Overview of PaLI: A Jointly-Scaled Multilingual Language-Image Model

The paper "PaLI: A Jointly-Scaled Multilingual Language-Image Model" introduces a model designed to integrate the capabilities of language and vision models into a unified framework. This approach emphasizes scalability in both vision and language components, leveraging large pre-trained Transformers to enhance performance across various multimodal tasks.

Model Architecture and Key Components

PaLI, or the Pathways Language and Image model, is built upon an encoder-decoder Transformer structure, combining a Vision Transformer (ViT) for visual processing with an mT5 model, which represents its language component. Three main configurations of PaLI are explored: PaLI-3B, PaLI-15B, and PaLI-17B, with parameter sizes reflecting different allocations between vision and language capacities.

  • Vision Component: The paper introduces ViT-e, a 4B-parameter model, which achieves significant performance improvements in vision-language tasks beyond what was possible with previous models like ViT-G.
  • Language Component: The language capacity is sustained using mT5-XXL, a model renowned for its robust language understanding and generation capabilities. This is crucial as it allows the model to maintain these capabilities when scaled to multimodal tasks.

Training and Data

To enable effective training for multilingual scenarios, the authors employ WebLI: a large-scale dataset containing 10 billion images with texts in over 100 languages.
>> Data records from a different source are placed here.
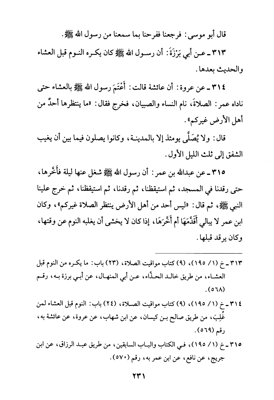 315 - عن عبد اللَّه بن عمر: أن رسول اللَّه -صلى اللَّه عليه وسلم- شغل عنها ليلة فأَخَّرها، حتى رقدنا في المسجد، ثم استيقظنا، ثم رقدنا، ثم استيقظنا، ثم خرج علينا النبي -صلى اللَّه عليه وسلم-، ثم قال: "ليس أحد من أهل الأرض ينتظر الصلاة غيركم"، وكان ابن عمر لا يبالي أَقَدَّمَهَا أم أَخَّرَهَا، إذا كان لا يخشى أن يغلبه النوم عن وقتها، وكان يرقد قبلها.
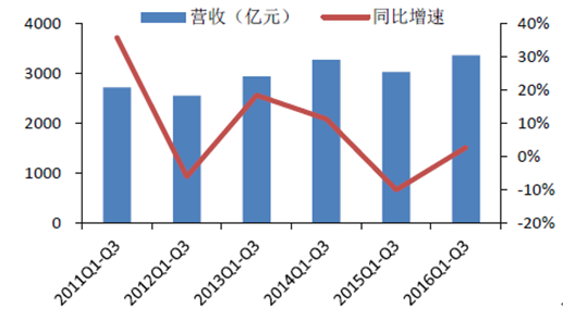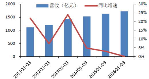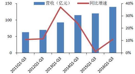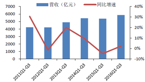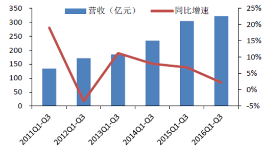 2016Q1-Q3家電行業(yè)整體營收同比增長2.20%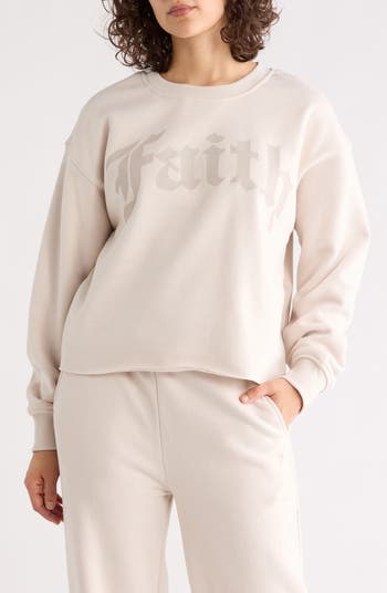 Faith meets finesse in this cozy cotton-forward crewneck sweatshirt featuring an Old English script logo and finished with a raw-edge hem.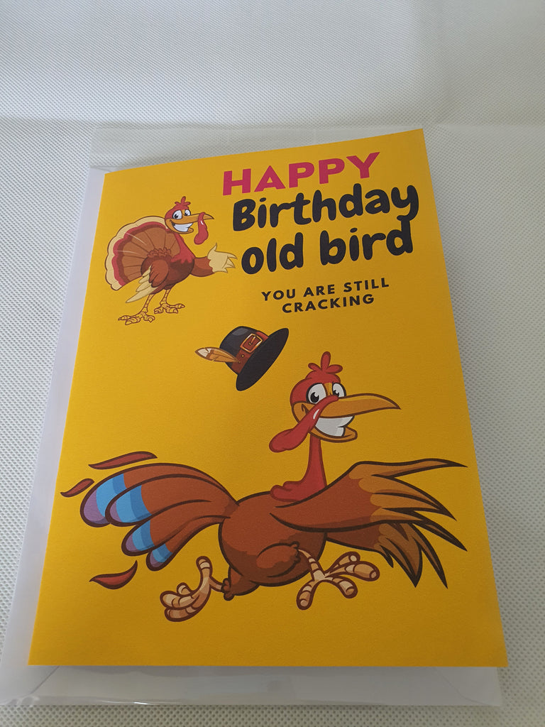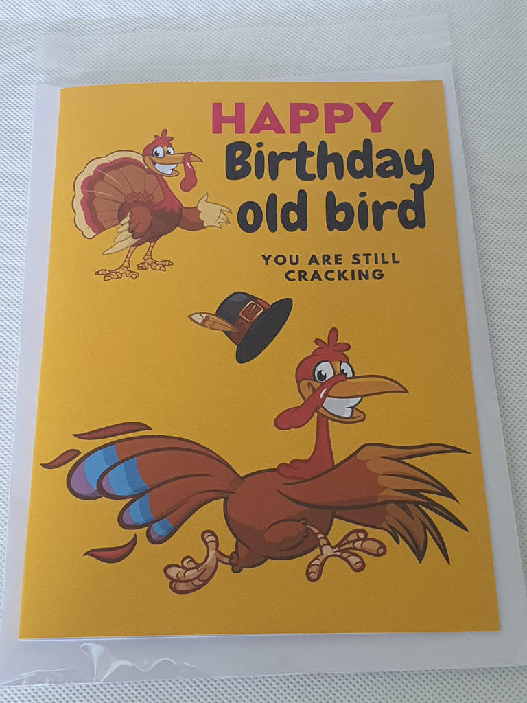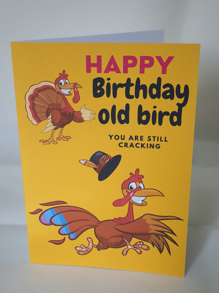 Funny happy birthday old bird birthday card for a friend with bold inside text. Why be serious when you can have a laugh, give them a smile on their birthday. The card is blank on the inside it is A5 in size and printed on high quality 300gsm cardstock. All our cards are supplied with envelopes.
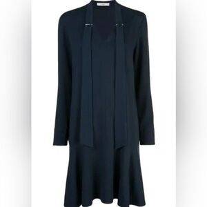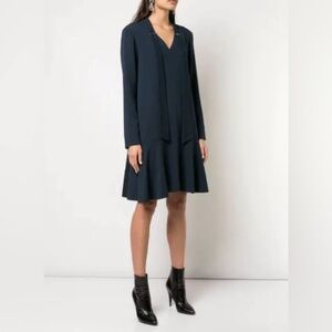 Tibi Navy Savannah Tie Neck Dress Size 4 missing metal clips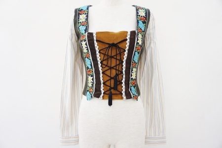 体にしっかりフィットするビスチェとシャツをドッキングした、ユニークで可愛いデザインのお洋服です。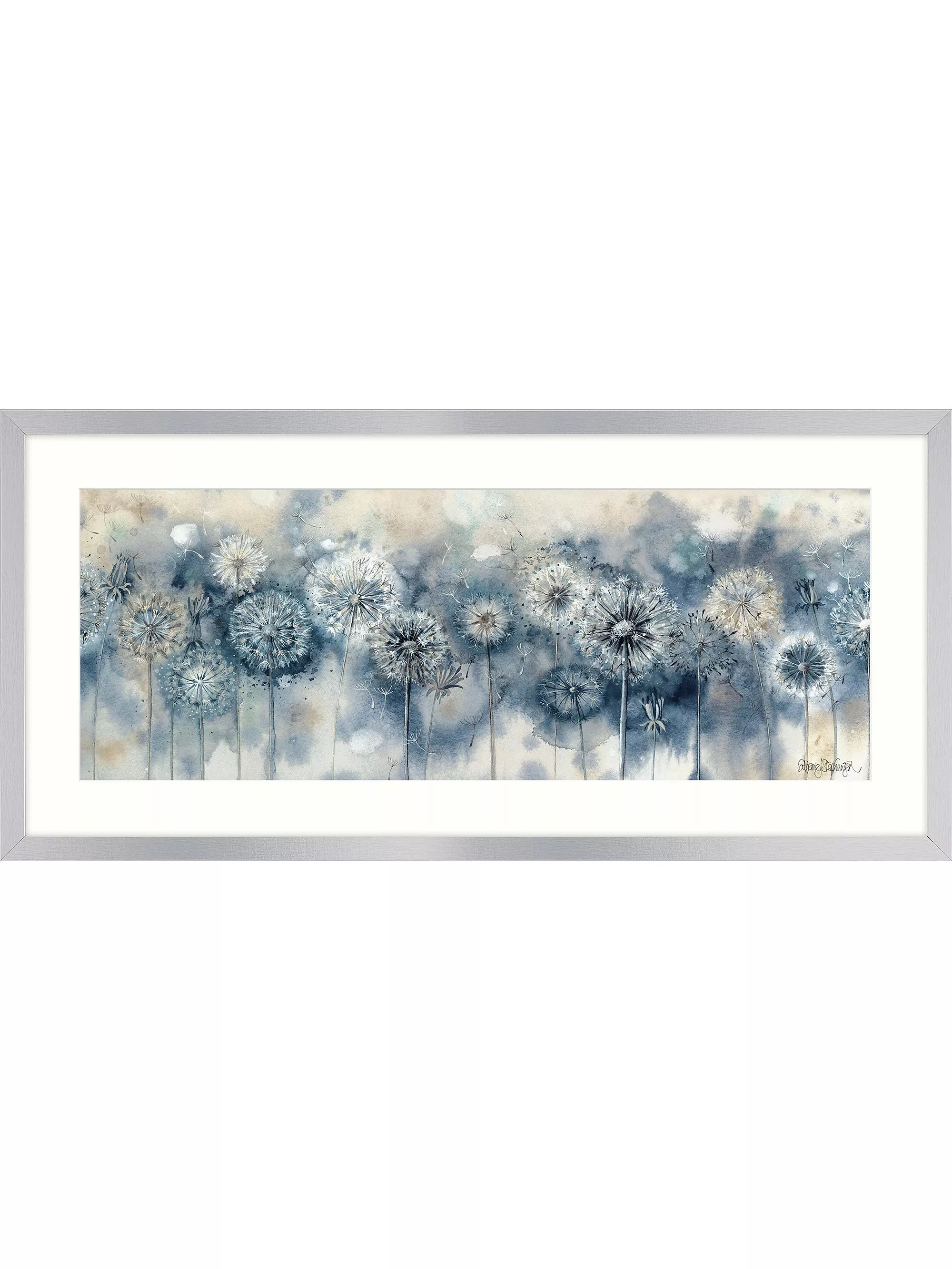 Dandelions blow in the wind in this work by Catherine Stephenson, mounted in a wood-effect frame.
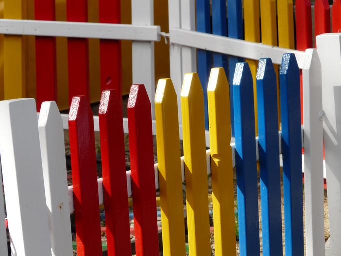 Keywords: garden fence paling colorful color wood red yellow blue painted fencing limit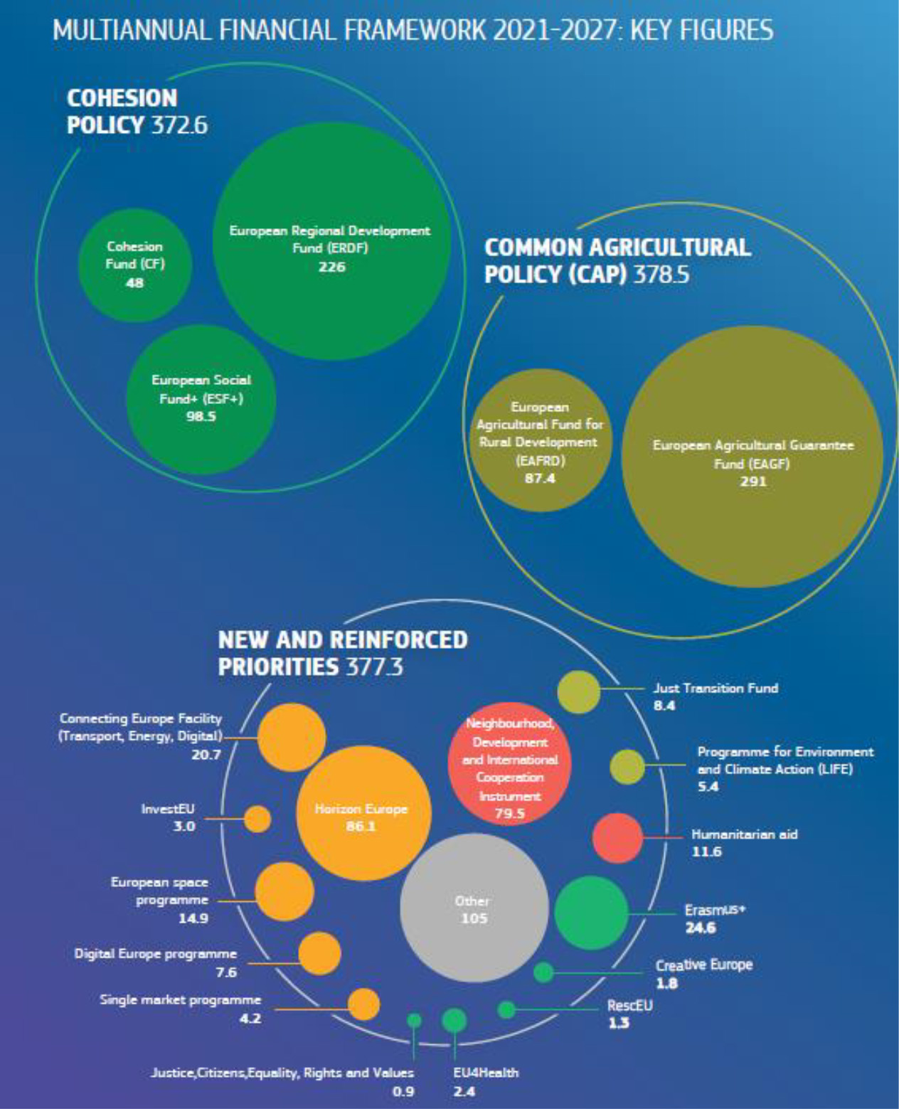- 1,1 billones de euros destinados al Marco Financiero Plurianual (2021-2027).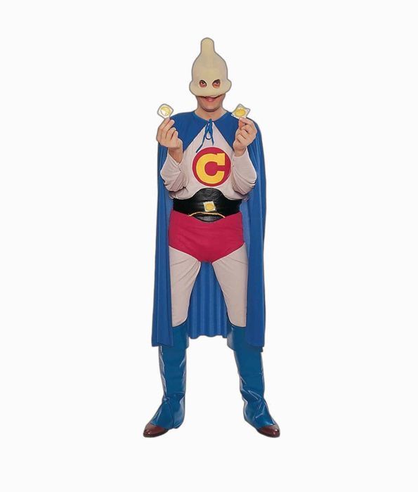 Взрослый карнавальный костюм капитана Кондома. Этот костюм отлично подойдет для любой карнавальной или тематической вечеринки, а также для офисного корпоратива. В этом костюме вы обязательно посмешите и порадуете своих друзей. В комплект карнавального костюма капитана Кондома входит головной убор, плащ, штаны, кофта, пояс и сапоги.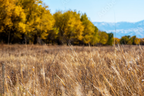 © eskstock, Obraz premium Selective focus of tall grass waving in the wind. Yellow wild grass against the backdrop of a autumn tress and mountain range. Beautiful landscape with amazing cloudy sky.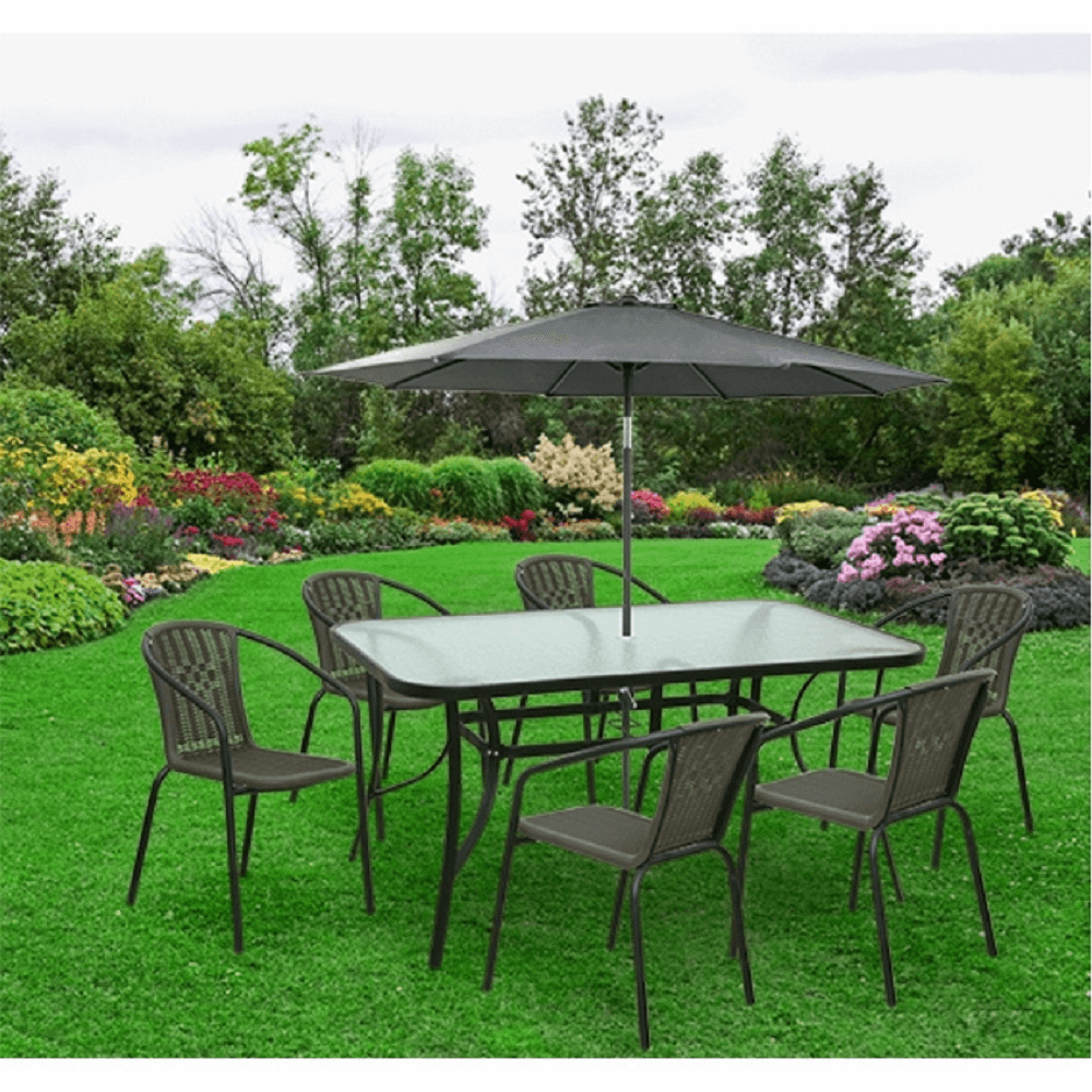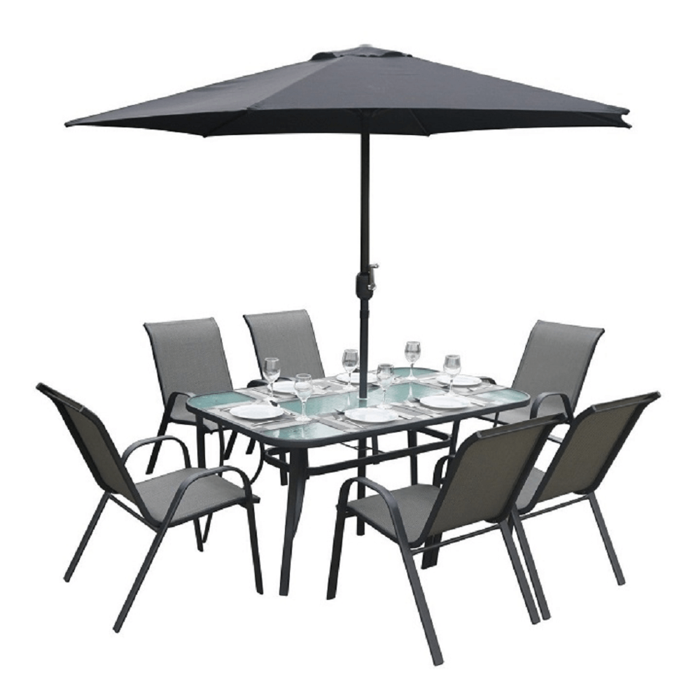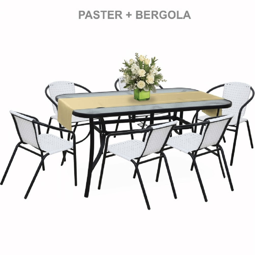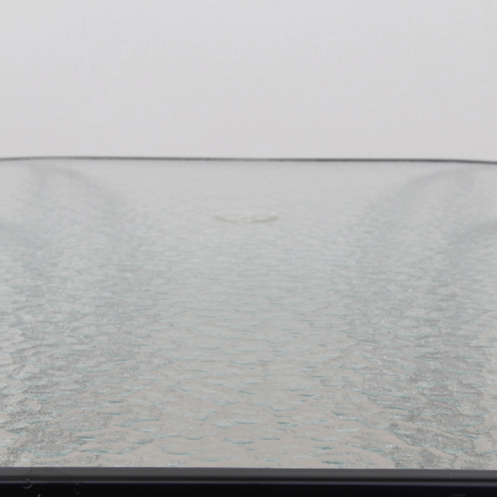 Jídelní stůl Paster vhodný k zahradnímu setu Materiál: tvrzené sklo / černá ocel Rozměry (ŠxHxV): 150x90x70 cm Stůl je předpřipravených na osazení slunečníku Pro šest osob Dodávané v demontu.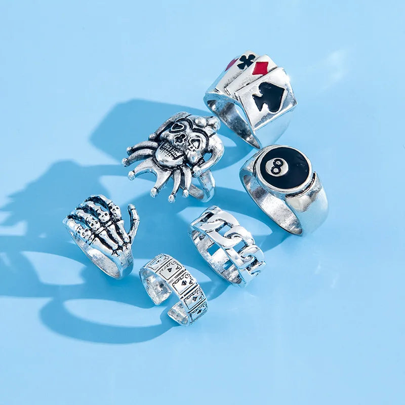 ชุดแหวนโจ๊กเกอร์โป๊กเกอร์สไตล์พังก์ 6 ชิ้น – สีเงิน เครื่องประดับแฟชั่นสไตล์โกธิก โครงกระดูก บิลเลียด สำหรับผู้ชายและผู้หญิง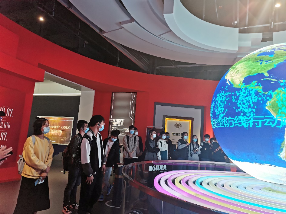 网络安全科技馆设置个人安全、政企安全、社会安全、综合竞技四个主展区,共200余个展项和1700多件展品,同学们在馆内学习了个人通信安全、个人隐私安全、个人财产安全、家庭空间安全、网站安全、数据安全、专用领域网络安全、智能系统网络安全和网络安全等级保护等相关专业知识,同时对窃密与反窃密、国家关键信息基础设施安全、供应链安全等重大历史事件和法律法规有了进一步的了解,学习网络安全政策法规、网络技术、常见风险、防范措施等知识,从而对本专业所涉及的技术和社会负责有更深的理解。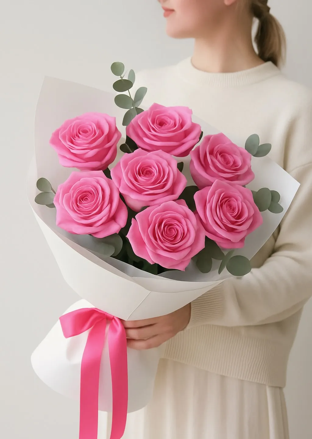 Букет из 7 розовых роз – отличный способ подарить любимому человеку хорошее настроение и яркие эмоции. Нежная цветочная композиция уместна для выражения любви, признательности и восхищения, можно преподнести любимой, маме, сестре, племяннице или дочери. Лаконичное оформление подчеркивает красоту «королевы цветов».
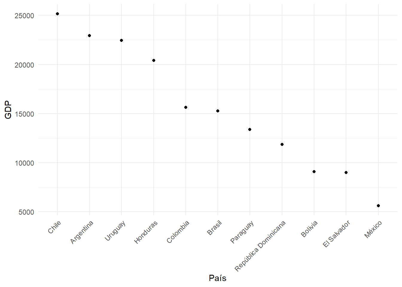 Sin embargo la Figure 1 entrega información desordenada. Mejor ordenar por tamaño de PIB que por orden alfabético de los países. Para eso
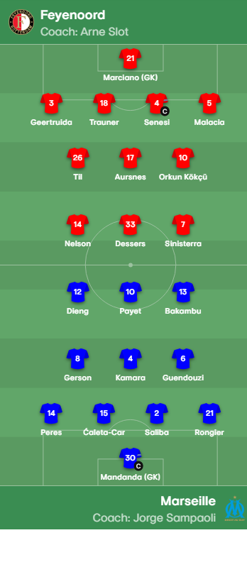 Min. 46: GOL FEYENOORD! Dessers face „dubla” după doar 9 secunde din partea secundă! A fost prima atingere de balon a olandezilor, după ce jucătorii lui Marseille au început de la mijlocul terenului.

The mixture used for training includes several multimodal objectives like text span corruption, split-captioning, OCR tasks, and visual question answering (VQA), ensuring broad task coverage and robust pre-training.

Numerical Results and Performance

PaLI's performance is evaluated over multiple tasks, achieving state-of-the-art results in both monolingual and multilingual settings. Key benchmarks include:

  • Image Captioning: On COCO Captioning and NoCaps, PaLI-17B establishes new records with a CIDEr score of 149.1 and strong performance on out-of-domain data.
  • Visual Question Answering: Achieving SOTA results on VQAv2, even surpassing models that use fixed-vocabulary classification approaches.
  • Zero-shot Image Classification: Demonstrates compelling results on ImageNet and its derivatives, which were achieved without fine-tuning specifically on these datasets.

Implications and Future Directions

The joint scaling approach suggests a strategic direction for future multimodal AI models, emphasizing the importance of equitable scaling across vision and language components. The empirical strengths of ViT-e support its utility in heavily vision-dependent multimodal tasks, while the effective use of mT5 reaffirms the capacity of LLMs when extended to multimodal domains.

Future research may build on this work by exploring even larger vision models or refining the pre-training data mixtures to further enhance task-specific adaptations. The clear improvement across tasks with high multilingual diversity reinforces the potential of models like PaLI in global language settings, a significant step towards more universally applicable AI technologies.